**INSTRUCTIONS TO FOLLOW:**
Begin with the first line of the listing and quote every line through the one containing "A charcoal drawing"; give only those lines.

┄┄┄┄┄┄┄┄┄┄┄┄┄┄┄┄┄┄┄┄

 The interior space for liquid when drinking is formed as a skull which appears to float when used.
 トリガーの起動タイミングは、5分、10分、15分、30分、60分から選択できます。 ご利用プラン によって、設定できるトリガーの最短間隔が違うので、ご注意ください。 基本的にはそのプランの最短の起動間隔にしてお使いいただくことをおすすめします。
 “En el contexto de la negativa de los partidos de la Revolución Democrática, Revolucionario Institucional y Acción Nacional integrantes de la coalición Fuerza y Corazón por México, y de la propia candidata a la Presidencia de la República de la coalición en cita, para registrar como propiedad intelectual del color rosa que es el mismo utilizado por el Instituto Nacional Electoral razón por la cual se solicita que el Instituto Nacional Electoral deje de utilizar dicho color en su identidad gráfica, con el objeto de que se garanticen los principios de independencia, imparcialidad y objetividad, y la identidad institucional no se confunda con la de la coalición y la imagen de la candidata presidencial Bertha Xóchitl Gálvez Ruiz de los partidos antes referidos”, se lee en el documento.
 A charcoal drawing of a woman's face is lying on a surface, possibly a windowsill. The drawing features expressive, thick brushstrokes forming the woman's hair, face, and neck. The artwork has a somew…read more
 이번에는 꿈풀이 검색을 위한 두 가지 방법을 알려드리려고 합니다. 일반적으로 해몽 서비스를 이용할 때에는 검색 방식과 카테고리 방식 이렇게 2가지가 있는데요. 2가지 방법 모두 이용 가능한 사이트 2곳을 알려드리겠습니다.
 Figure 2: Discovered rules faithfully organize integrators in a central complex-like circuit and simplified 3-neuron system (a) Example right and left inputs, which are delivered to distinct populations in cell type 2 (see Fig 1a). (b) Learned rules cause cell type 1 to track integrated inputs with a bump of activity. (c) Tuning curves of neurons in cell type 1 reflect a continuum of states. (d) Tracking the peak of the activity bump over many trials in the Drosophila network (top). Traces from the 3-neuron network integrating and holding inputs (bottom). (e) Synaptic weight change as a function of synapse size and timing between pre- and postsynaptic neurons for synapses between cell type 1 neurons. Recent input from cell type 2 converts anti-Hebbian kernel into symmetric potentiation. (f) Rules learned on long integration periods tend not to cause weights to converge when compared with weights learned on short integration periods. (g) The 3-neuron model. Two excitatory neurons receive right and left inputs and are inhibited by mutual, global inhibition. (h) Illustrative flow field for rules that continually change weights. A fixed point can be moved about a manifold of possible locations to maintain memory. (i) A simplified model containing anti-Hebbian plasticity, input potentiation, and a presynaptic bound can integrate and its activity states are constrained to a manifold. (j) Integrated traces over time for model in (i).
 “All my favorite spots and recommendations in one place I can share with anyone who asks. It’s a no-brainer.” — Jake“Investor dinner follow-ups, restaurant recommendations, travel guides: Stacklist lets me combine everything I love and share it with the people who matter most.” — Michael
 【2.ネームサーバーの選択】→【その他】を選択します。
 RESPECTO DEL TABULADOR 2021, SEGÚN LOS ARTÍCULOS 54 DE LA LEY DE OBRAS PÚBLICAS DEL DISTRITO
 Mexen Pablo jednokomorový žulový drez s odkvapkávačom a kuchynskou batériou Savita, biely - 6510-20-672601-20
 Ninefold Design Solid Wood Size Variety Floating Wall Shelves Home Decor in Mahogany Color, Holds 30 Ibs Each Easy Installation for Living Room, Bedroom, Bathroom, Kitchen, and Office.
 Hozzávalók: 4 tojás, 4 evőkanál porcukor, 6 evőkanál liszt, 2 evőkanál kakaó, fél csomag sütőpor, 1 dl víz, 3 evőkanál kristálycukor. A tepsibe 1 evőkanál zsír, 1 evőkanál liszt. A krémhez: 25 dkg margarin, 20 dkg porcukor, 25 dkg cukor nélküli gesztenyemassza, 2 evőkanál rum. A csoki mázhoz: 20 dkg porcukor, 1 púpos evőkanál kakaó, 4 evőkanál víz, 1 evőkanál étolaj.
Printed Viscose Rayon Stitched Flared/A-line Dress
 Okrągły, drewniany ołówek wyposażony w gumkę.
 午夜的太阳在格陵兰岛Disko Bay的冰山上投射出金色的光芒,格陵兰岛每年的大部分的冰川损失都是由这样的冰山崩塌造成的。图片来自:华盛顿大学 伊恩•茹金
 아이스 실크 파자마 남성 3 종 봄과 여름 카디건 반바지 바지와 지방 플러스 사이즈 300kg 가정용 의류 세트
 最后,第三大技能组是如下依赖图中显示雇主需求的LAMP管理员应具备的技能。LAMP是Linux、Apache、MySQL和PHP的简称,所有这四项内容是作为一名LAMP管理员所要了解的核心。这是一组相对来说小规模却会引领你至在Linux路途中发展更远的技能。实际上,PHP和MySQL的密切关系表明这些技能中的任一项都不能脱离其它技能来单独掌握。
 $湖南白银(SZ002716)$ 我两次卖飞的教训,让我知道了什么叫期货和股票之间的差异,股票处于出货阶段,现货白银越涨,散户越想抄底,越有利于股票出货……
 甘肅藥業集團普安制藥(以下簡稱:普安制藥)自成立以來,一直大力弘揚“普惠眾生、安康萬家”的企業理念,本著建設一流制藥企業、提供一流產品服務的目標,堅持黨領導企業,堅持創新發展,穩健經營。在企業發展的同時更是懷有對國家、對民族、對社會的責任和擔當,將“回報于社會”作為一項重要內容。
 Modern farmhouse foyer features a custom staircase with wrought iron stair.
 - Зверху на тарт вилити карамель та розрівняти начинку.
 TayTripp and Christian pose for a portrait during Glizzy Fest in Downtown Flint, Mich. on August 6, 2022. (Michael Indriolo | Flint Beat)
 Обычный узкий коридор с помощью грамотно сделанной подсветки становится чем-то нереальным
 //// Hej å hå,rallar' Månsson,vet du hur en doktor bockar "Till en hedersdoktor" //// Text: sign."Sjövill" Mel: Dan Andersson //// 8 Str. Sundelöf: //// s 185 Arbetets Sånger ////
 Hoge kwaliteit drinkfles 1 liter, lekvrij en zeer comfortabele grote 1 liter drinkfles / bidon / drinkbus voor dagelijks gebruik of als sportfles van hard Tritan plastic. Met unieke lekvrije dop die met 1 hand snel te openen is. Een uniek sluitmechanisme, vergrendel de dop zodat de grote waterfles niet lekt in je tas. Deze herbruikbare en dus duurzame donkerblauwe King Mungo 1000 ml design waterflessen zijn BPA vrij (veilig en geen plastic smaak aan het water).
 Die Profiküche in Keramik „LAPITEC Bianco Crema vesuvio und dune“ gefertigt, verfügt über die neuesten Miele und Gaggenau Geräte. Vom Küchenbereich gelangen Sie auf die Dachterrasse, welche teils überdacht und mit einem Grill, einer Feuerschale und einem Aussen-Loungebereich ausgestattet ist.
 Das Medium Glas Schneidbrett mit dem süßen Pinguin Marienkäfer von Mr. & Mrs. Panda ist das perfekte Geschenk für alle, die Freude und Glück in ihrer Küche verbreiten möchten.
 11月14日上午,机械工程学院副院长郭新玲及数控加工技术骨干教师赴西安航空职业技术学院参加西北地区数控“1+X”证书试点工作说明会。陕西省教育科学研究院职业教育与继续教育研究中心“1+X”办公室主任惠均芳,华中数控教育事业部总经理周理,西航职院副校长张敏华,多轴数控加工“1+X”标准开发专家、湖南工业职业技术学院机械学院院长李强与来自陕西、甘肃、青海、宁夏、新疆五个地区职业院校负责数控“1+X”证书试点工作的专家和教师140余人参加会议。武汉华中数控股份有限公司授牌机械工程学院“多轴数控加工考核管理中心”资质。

┄┄┄┄┄┄┄┄┄┄┄┄┄┄┄┄┄┄┄┄

**THE COMPLETED TASK:**
 The interior space for liquid when drinking is formed as a skull which appears to float when used.
 トリガーの起動タイミングは、5分、10分、15分、30分、60分から選択できます。 ご利用プラン によって、設定できるトリガーの最短間隔が違うので、ご注意ください。 基本的にはそのプランの最短の起動間隔にしてお使いいただくことをおすすめします。
 “En el contexto de la negativa de los partidos de la Revolución Democrática, Revolucionario Institucional y Acción Nacional integrantes de la coalición Fuerza y Corazón por México, y de la propia candidata a la Presidencia de la República de la coalición en cita, para registrar como propiedad intelectual del color rosa que es el mismo utilizado por el Instituto Nacional Electoral razón por la cual se solicita que el Instituto Nacional Electoral deje de utilizar dicho color en su identidad gráfica, con el objeto de que se garanticen los principios de independencia, imparcialidad y objetividad, y la identidad institucional no se confunda con la de la coalición y la imagen de la candidata presidencial Bertha Xóchitl Gálvez Ruiz de los partidos antes referidos”, se lee en el documento.
 A charcoal drawing of a woman's face is lying on a surface, possibly a windowsill. The drawing features expressive, thick brushstrokes forming the woman's hair, face, and neck. The artwork has a somew…read more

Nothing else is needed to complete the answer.